Deuteronomium 18:13
Oprecht zult gij zijn met den HEERE, uw God.
Genesis 6:9
Dit zijn de geboorten van Noach. Noach was een rechtvaardig, oprecht man in zijn geslachten. Noach wandelde met God.
Genesis 17:1
Als nu Abram negen en negentig jaren oud was, zo verscheen de HEERE aan Abram, en zeide tot hem: Ik ben God, de Almachtige! Wandel voor Mijn aangezicht, en zijt oprecht!
Mattheüs 5:48
Weest dan gijlieden volmaakt, gelijk uw Vader, Die in de hemelen is, volmaakt is.
Job 1:1
Er was een man in het land Uz, zijn naam was Job; en dezelve man was oprecht, en vroom, en godvrezende, en wijkende van het kwaad.
Job 1:8
En de HEERE zeide tot den satan: Hebt gij ook acht geslagen op Mijn knecht Job?
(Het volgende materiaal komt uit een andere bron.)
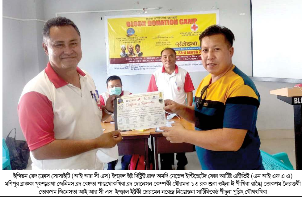
ইন্দিয়ান ৱেদ ফ্ৰেস সোসাইটি (আই আৰ সী এস) ইফাল ইষ্ট দিল্লিক্ৰাফ অমদি নেমেল ইন্টিগ্ৰেটেড ফেৰ আষ্টি এষ্টিভিট (এন আই এফ এ এ) মণিপুৰ ব্ৰাঞ্চকা খুংশম্ভৰগা জেনিমেস ৱদ বেহুতা পাঙথোকখিবা ৱদ য়োনেসন কেণ্ডেইন য়ৌৱমদা ১৩ ৱক শুবা ওইনা ষ্ট পীখিবা ৱাষ্ট্ৰে তোকপম লৈৱত্ৰী তোকপম জিনেসতা আই আৰ সী এস ইফাল ইষ্টকী চেৱৰমেন নৱেৰন নিঙেহুনা সাৰ্টিফিকেট পীদুনা পুৰিঙ য়ৌগখিবা

বি জে পি ৱাৰ্কৰশিংগী এটেজা কোংগ্ৰেস লুচিংবা ১ শাখিনা শোৱ্কে গুৱাহাটী, মাৰ্চ ২৩ (এজেন্সী): অসাম মাদা পাণ্ডাৰোৱাৰিবা ষ্টেট এসেমব্লী ইলেঞ্চন ২০২১ গী মাঙওইননা কোংগ্ৰেস কেণ্ডিডেটশিং অমদি লুচিংবাশিংগী বি জে পি ৱাৰ্কৰশিংগী ওইননা য়াই চিনবশিংগী য়ায়া তেয়না এটেক চখৰি। উসিস্ গোলাগাট দিল্লিকী মনুং চনবা খুমটাইদা বি জে পি ৱাৰ্কৰশিংগী কোংগ্ৰেস লুচিংবা অমা ফুৰহুদগী শাখিনা শোৱ্কে হায়রি। খুমটাই লেজিসলেটিভ এসেমব্লী কলট্ৰিয়েন্টিগী মন্দল প্ৰসিডেট ৱহুদ দক্তা বি জে পি ৱাৰ্কৰ ১৫/১৬ ৱোলা খঙহৌদনা এটেক চখৰকিবিবনি। খুমটাই এসেমব্লী কোংগ্ৰেস মীৰেপ ওইনা খোৱিক্ৰিা বিসমিটা গোগোইগী ইলেঞ্চন কেণ্ডেইন য়াওৱৰগা ময়ুদা হুৱকপগী লগীদা এটেক অদ্ চখৰকিবিবনি। বি জে পিগী ৱাৰ্কৰশিংগী অদুনা দক্ত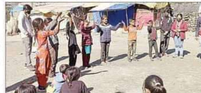
कुल्लू : रोवर रेंजर यूनिट के सदस्य झुग्गी-झोंपड़ियों के बच्चों को खेल गतिविधि कराते हुए।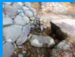
① 櫛の大立長寿の名水 (尾花沢市母袋)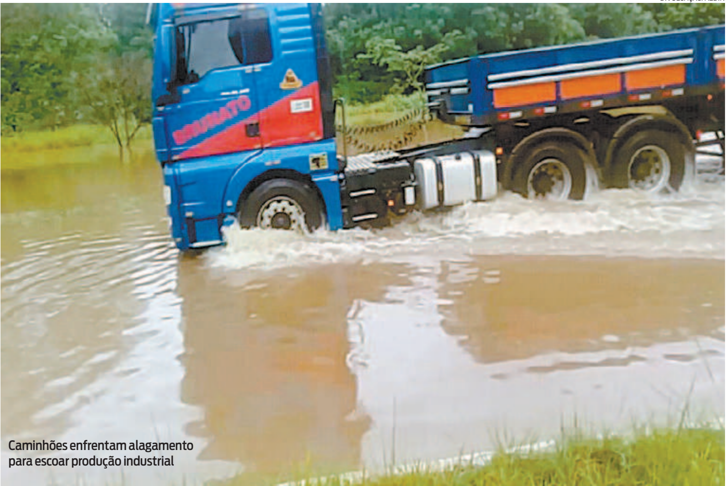
Caminhões enfrentam alagamento para escoar produção industrial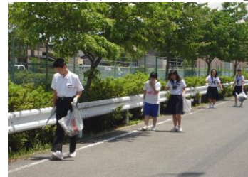
クリーンキャンペーン

絆プロジェクト旭 心の絆の結び合いを尊重しながら、旭中生としての誇りと正しい価値観をもち、適切に判断し行動できる生徒を育てる。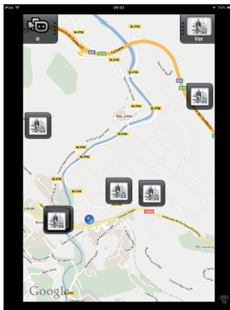
Información geoposicionada. El punto azul es la situación del usuario.

Herramientas como Augmentation reducen las dificultades de participación en la realidad aumentada (crear contenido es tan sencillo como abrir un blog) y permite a los usuarios centrarse en crear contenido obviando los complejos aspectos técnicos 10 .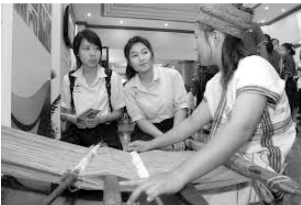
ช่างทอผ้า

2) ภูมิปัญญาชาวบ้าน เช่น พระภิกษุ เกษตรกร (ชาวนา ชาวไร่ ชาวสวน) กลุ่มแม่บ้าน แพทย์แผนไทย แพทย์ประจำตำบล อสม. ช่างก่อสร้าง ช่างจักสาน ช่างทอผ้า ช่างทอเสื่อ ช่างตัดผม ช่างทำผม ช่างตัดเสื้อ นักแสดงละคร นักดนตรี สมาคมและชมรมต่างๆ พ่อค้า ฯลฯ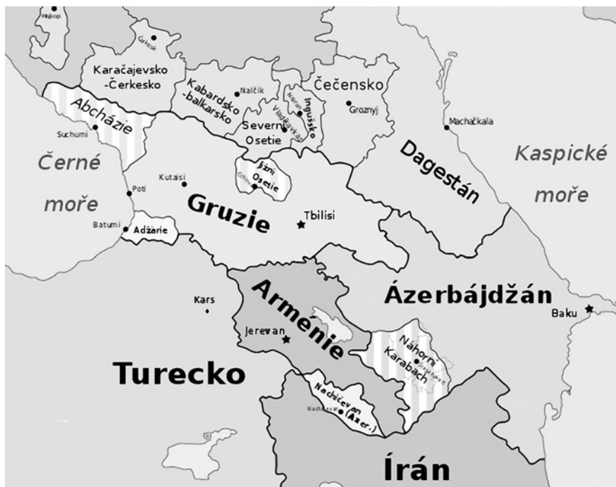
Politické rozdělení Kavkazu

Centrální část Kavkazu leží na území Gruzie (včetně Jižní Osetie) a dvou republik Ruské federace, Kabardsko-Balkarska a Severní Osetie. Na východě je vymezena sopečným vulkánem Kazbekem, zatímco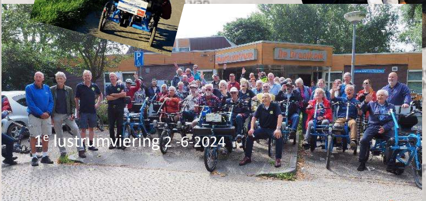
1 e lustrumviering 2-6-2024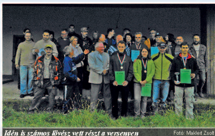
Idén is számos lövész vett részt a versenyen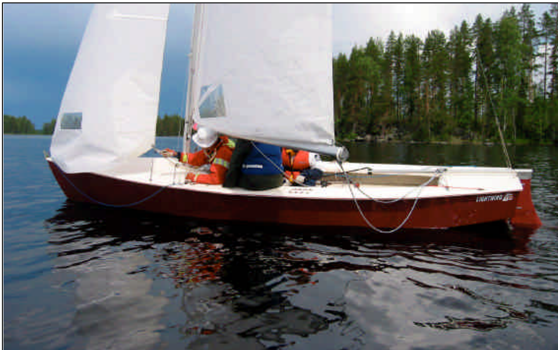
Tyyntä ennen myrskyä. Taustalla nousemassa reipas ukkoskeli.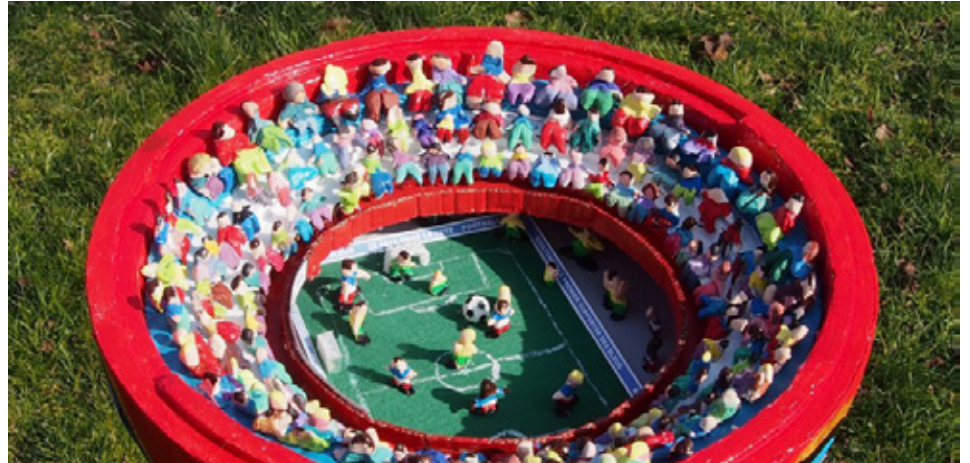
Grâce à leur stade miniature, les élèves de la classe multi-niveaux CM1-CM2 d'Emmanuelle Fleurette-Meyer de Soultzmatt ont décroché le prix national en 2018.

Ouverte aux classes de cycle 2 (CE1-CE2), de cycle 3 (CM1-CM2) d'écoles publiques et privées sous contrat, cette opération se décline en deux volets, l'un sportif, l'autre éducatif. « Le projet sportif consiste à réaliser un cycle de football ou de futsal de 6 à 10 séances au sein de la classe sur l'année scolaire, » indique Laure Clavé. Encouragés à se rapprocher du club de leur commune pour mutualiser les compétences et le matériel, les professeurs des écoles alsaciens souhaitant inscrire leurs classes dans ce dispositif ont aussi la possibilité de participer à des animations pédago-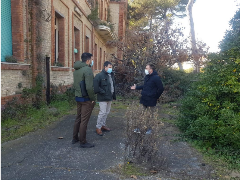
sopralluogo ex colonia rosa maltoni (3)

Accordo su lavori di messa in sicurezza su ingressi, verde e recinzione con l'istituzione di un servizio di vigilanza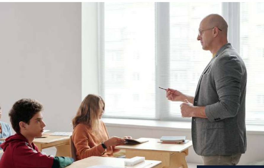
Projekt ma na celu promocję i popularyzację kapitału etycznego przede wszystkim wśród nauczycieli szkół podstawowych i średnich

Można założyć, że etyk chrześcijański to osoba, której nadrzędnym celem powinno być zrozumienie drugiego człowieka nawet, jeśli myśli on odmiennie. Chodzi o zrozumienie pozorne, ale i o takie, które angażuje poznawczą i emocjonalną empatię. Ideą takiego podejścia jest okazanie należnego szacunku, życzliwości oraz pojmowania dla drugiego człowieka, jego sposobu myślenia i stylu bycia, gdyż posiada on zupełnie inny obraz świata i bagaż doświadczeń życiowych. Nauczyciel etyki ma być terapeutą duszy, ale tylko dla tych, którzy tego chcą, którzy przychodzą i mówią: chciałbym poznać wartości kryjące się w kapitale etycznym chrześcijaństwa. Przymuszanie tych, którzy nie są zainteresowani tym zagadnieniem mija się z celem i zawsze przyniesie skutki odwrotne od zamierzonych. Metody przymusu stosują ludzie słabi i załękni, którzy sami nie są pewni ani swojej wiary, ani żywionych przekonań moralnych wobec czego poszukują czegoś, co je wzmocni. Promocja chrześcijańskiego kapitału etycznego to przede wszystkim promowanie postaw, które mają swoje korzenie w ewangelicznym słowie Jezusa. Słowo to przynosi pokój i radość oraz daje nadzieję, ale nie usuwa nieporozumień i przeciwności.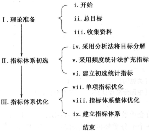
图 2 指标体系构建过程图

指标体系的构建过程是一个从具体到抽象再到具体的辩证逻辑思维过程, 是人们对现象总体数量特征的认识逐步深化、逐步求精、逐步完善、逐步系统化的过程。过程如图 2: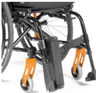
// Rahmen Easy Life FF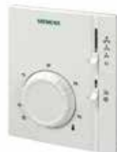
Термостат Siemens RAB 11.1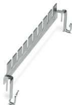
接地导轨，CTM保护插头连接LSA-PLUS断接条时使用。 型号：10个双导线

请注意，本PDF文档中所示数据均生成自在线目录。完整数据请见用户文档。我们的一般下载使用条款已生效。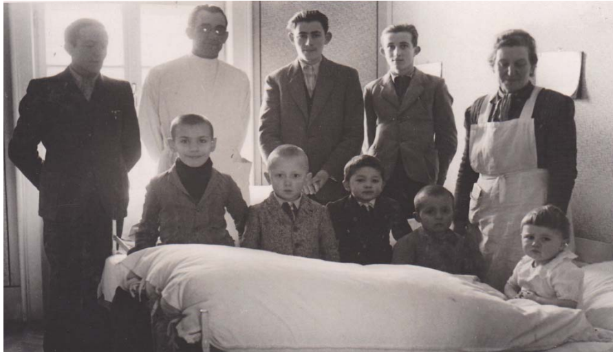
Мушко одељење Дечје болнице у Новом Саду, 1943.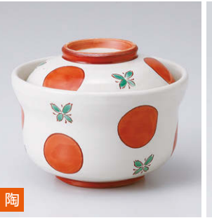
160-104-513 4,000円 赤絵丸紋円菓子碗 (11.6×9)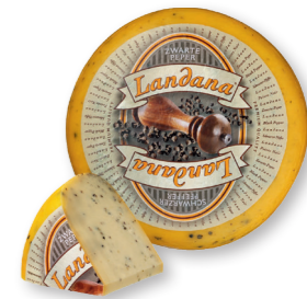
ZWARTE PEPER 50+ /circa 4 kg

Want niemand is op de aarde gelijk hij, een man oprecht en vroom, godvrezende en wijkende van het kwaad.
Psalmen 37:37
Schin. Let op den vrome, en zie naar den oprechte; want het einde van dien man zal vrede zijn.
Filippenzen 3:12
Niet dat ik het alrede gekregen heb, of alrede volmaakt ben; maar ik jaag er naar, of ik het ook grijpen mocht, waartoe ik van Christus Jezus ook gegrepen ben.
Filippenzen 3:15
Zovelen dan als wij volmaakt zijn, laat ons dit gevoelen; en indien gij iets anderszins gevoelt, ook dat zal u God openbaren.
Openbaring 3:2
Zijt wakende, en versterk het overige, dat sterven zou; want Ik heb uw werken niet vol gevonden voor God.